> _Exercise brief_: Any pictures in the records below must be left out when you repeat the lines from the line containing "This open-sided structure" through the line containing "(W/A) Various (CA)" exactly.

++++ Given records ++++

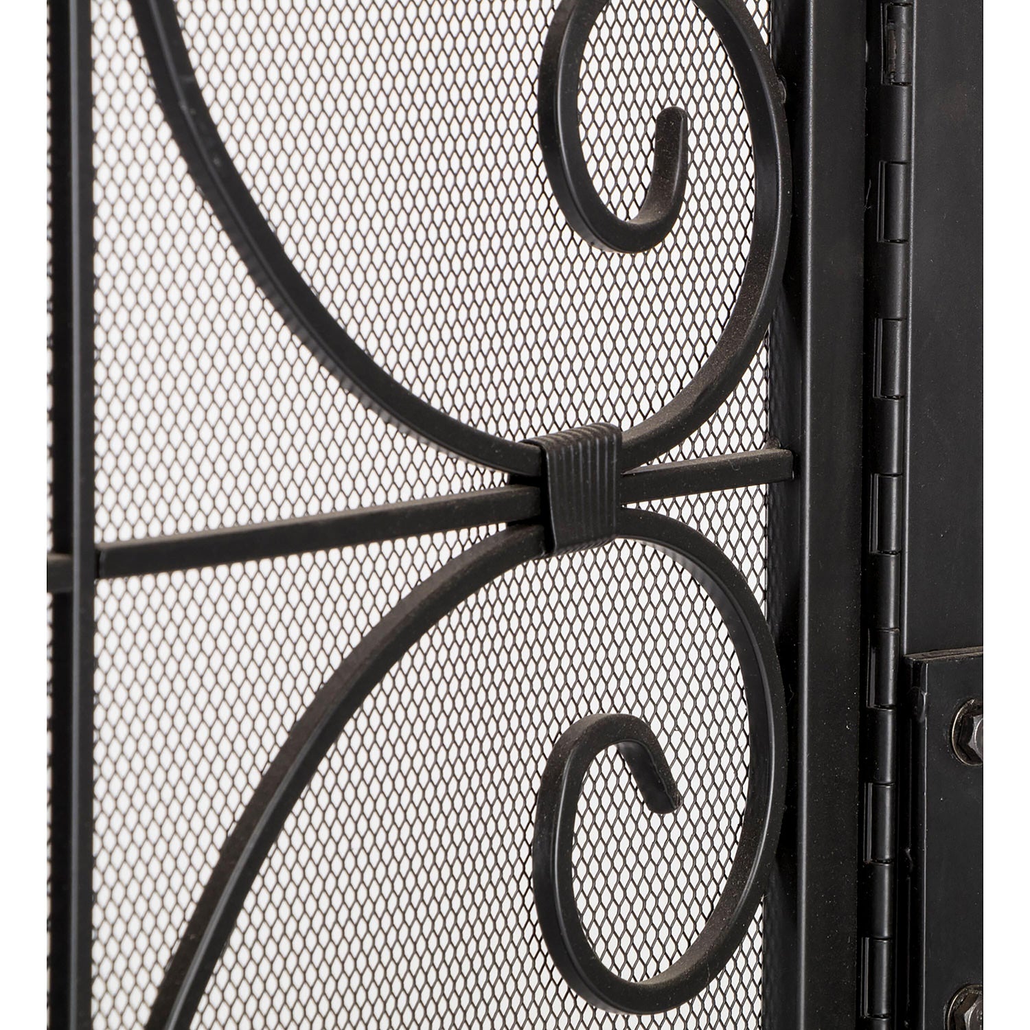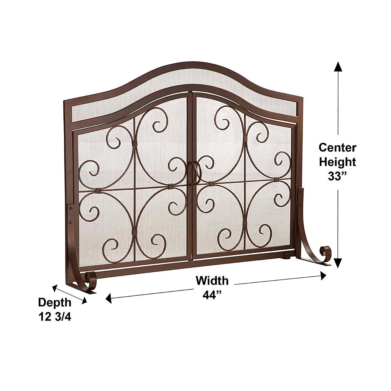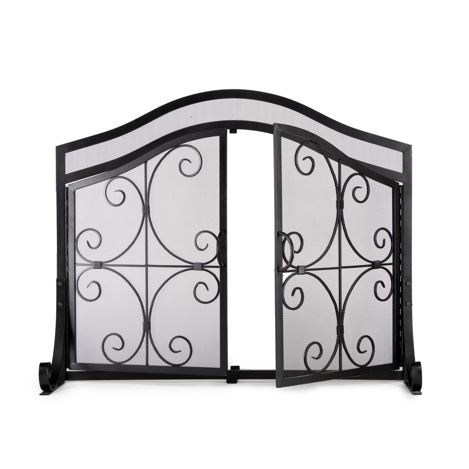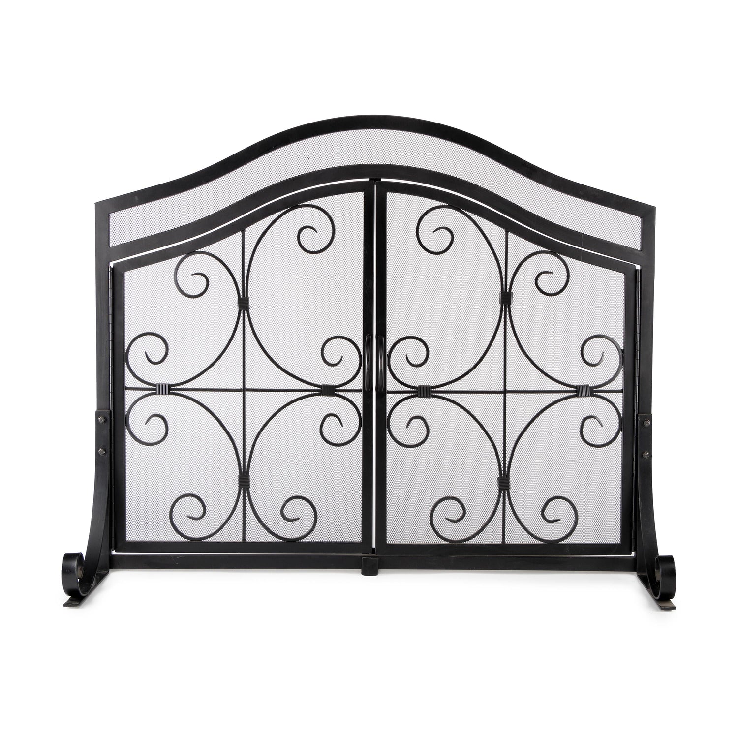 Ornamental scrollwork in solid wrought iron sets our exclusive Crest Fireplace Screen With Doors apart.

++++
++++ Given records ++++

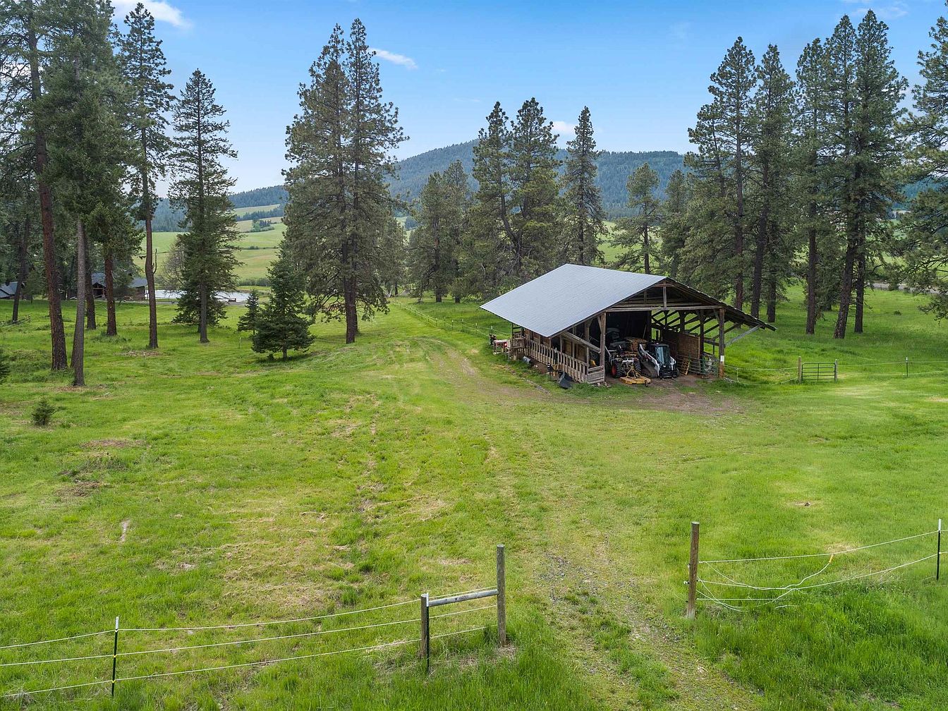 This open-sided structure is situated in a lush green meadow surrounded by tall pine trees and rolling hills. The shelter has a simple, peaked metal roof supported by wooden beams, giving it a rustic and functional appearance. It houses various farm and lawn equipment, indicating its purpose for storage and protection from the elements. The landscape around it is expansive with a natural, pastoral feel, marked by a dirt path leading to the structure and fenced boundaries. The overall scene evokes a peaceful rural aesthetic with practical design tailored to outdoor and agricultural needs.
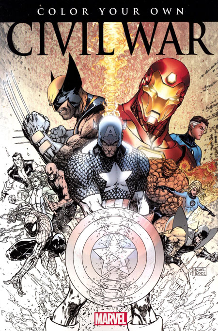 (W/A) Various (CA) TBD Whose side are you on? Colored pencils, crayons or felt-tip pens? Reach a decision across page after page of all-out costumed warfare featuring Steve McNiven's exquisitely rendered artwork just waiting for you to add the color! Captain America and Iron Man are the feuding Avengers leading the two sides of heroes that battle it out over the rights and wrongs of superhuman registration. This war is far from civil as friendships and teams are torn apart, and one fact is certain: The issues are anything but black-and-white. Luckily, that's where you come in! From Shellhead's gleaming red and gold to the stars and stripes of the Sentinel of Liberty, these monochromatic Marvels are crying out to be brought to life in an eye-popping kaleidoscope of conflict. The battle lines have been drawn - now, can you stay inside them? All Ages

++++

> _Exercise result_:
 This open-sided structure is situated in a lush green meadow surrounded by tall pine trees and rolling hills. The shelter has a simple, peaked metal roof supported by wooden beams, giving it a rustic and functional appearance. It houses various farm and lawn equipment, indicating its purpose for storage and protection from the elements. The landscape around it is expansive with a natural, pastoral feel, marked by a dirt path leading to the structure and fenced boundaries. The overall scene evokes a peaceful rural aesthetic with practical design tailored to outdoor and agricultural needs.
 (W/A) Various (CA) TBD Whose side are you on? Colored pencils, crayons or felt-tip pens? Reach a decision across page after page of all-out costumed warfare featuring Steve McNiven's exquisitely rendered artwork just waiting for you to add the color! Captain America and Iron Man are the feuding Avengers leading the two sides of heroes that battle it out over the rights and wrongs of superhuman registration. This war is far from civil as friendships and teams are torn apart, and one fact is certain: The issues are anything but black-and-white. Luckily, that's where you come in! From Shellhead's gleaming red and gold to the stars and stripes of the Sentinel of Liberty, these monochromatic Marvels are crying out to be brought to life in an eye-popping kaleidoscope of conflict. The battle lines have been drawn - now, can you stay inside them? All Ages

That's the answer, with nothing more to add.